## WHAT YOU SHOULD DO
Copy the first line of the entries below and every line after it through the line containing "Jupe fendue asymétrique". Do not include pictures.

(Recorded data)
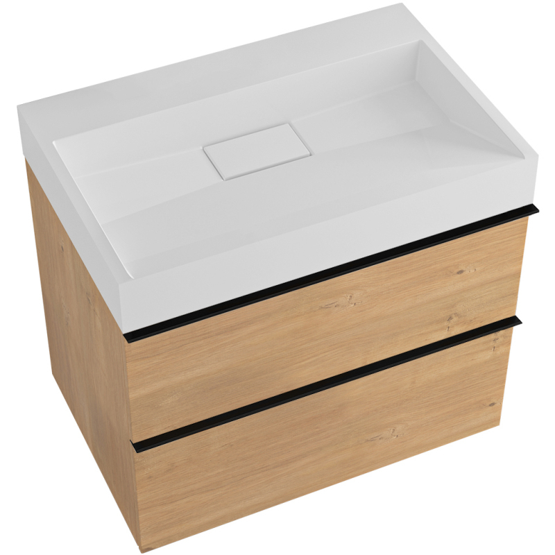 CERANO - Kúpeľňová skrinka Velora - dub medový - úchytka čierna + umývadlo z liateho mramoru Vita - biela lesklá - 70x53x46 cm
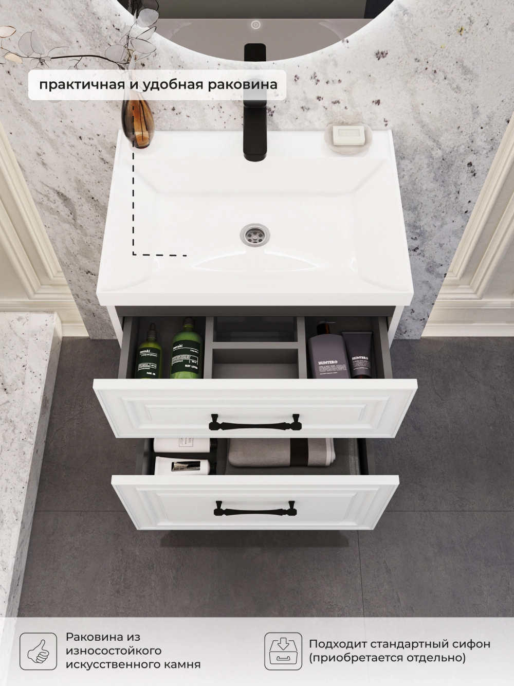 Тумба с раковиной Итана Verona 2.0 60 с выдвижными ящиками Эмаль Белый Матовый
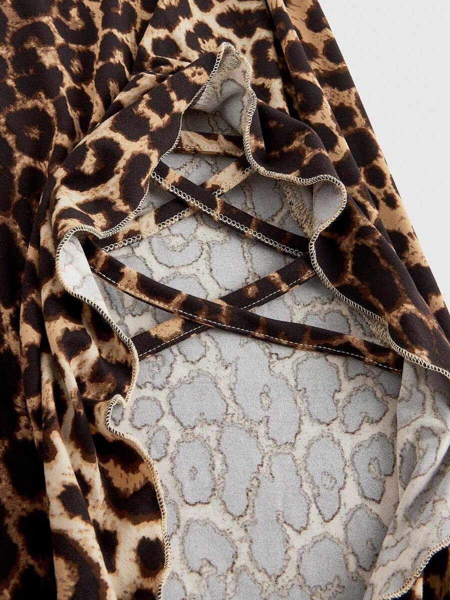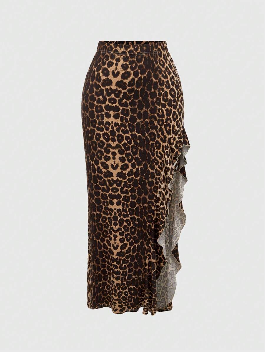 Jupe fendue asymétrique imprimé léopard à la mode d'été avec ourlet à volants
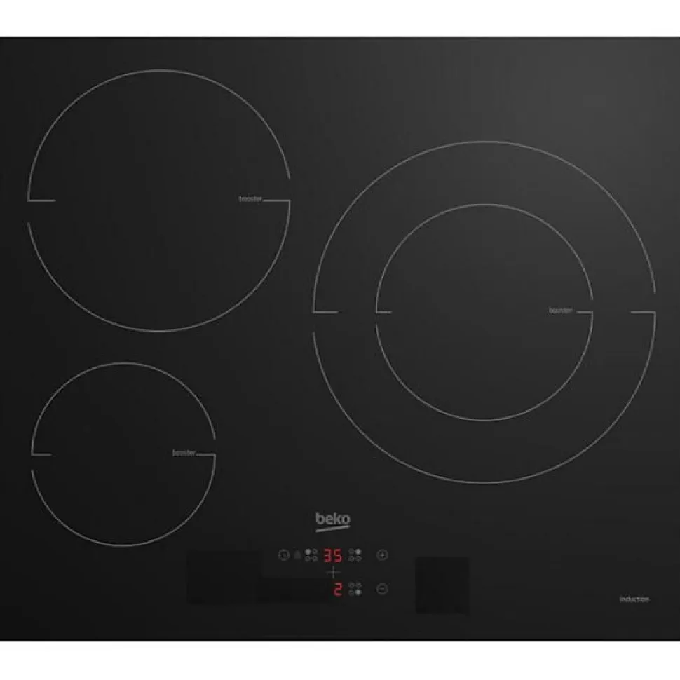 La table a induction BEKO HII63405MT est équipée de 3 plaques de cuisson. Elle a une largeur de 58 cm et une profondeur de 51 cm. Sa couleur principale est le noir.
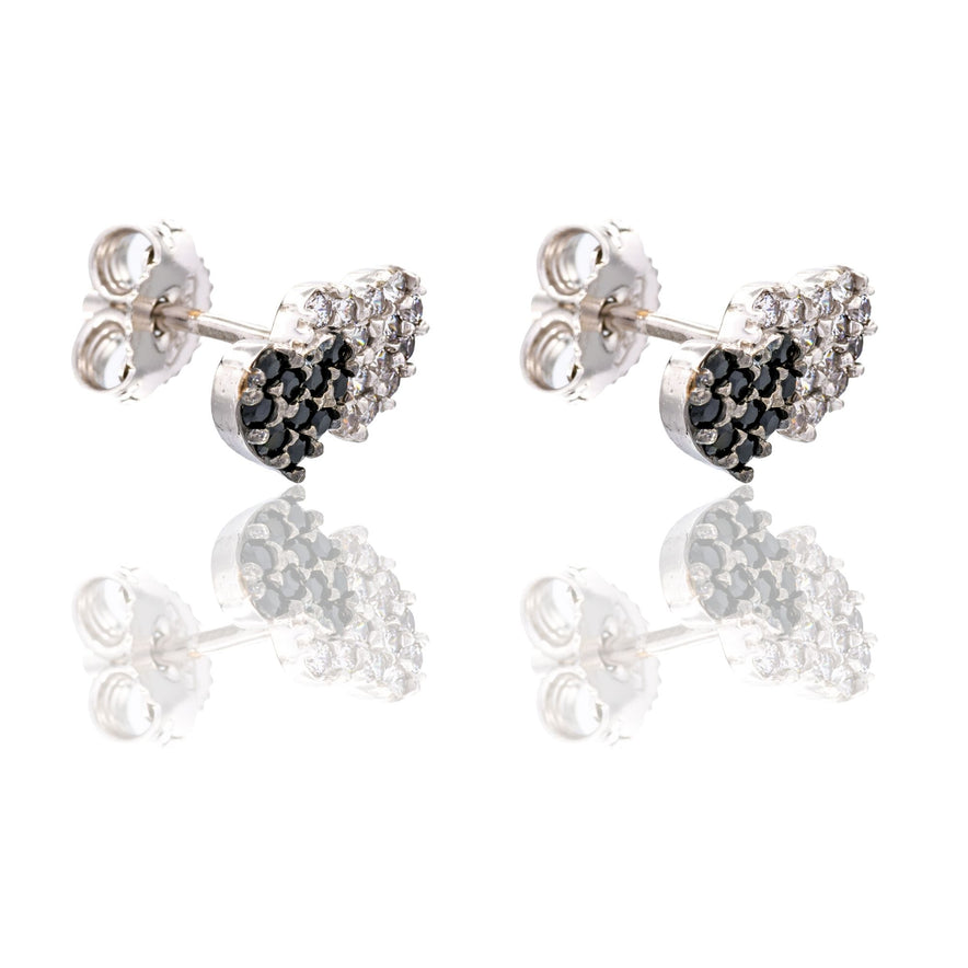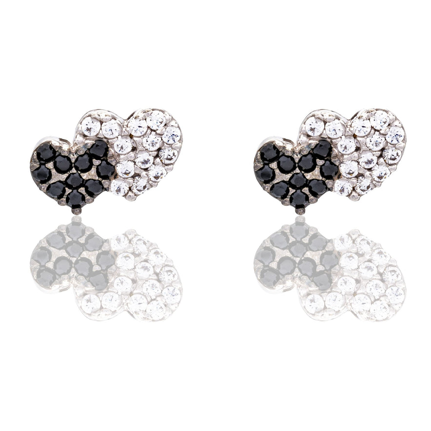 Orecchini in oro BIANCO Oro 18 carati Doppio Cuore Zirconi Bianchi, Zirconi Neri Gr. 1,7

## EXERCISE OUTPUT
 CERANO - Kúpeľňová skrinka Velora - dub medový - úchytka čierna + umývadlo z liateho mramoru Vita - biela lesklá - 70x53x46 cm
 Тумба с раковиной Итана Verona 2.0 60 с выдвижными ящиками Эмаль Белый Матовый
 Jupe fendue asymétrique imprimé léopard à la mode d'été avec ourlet à volants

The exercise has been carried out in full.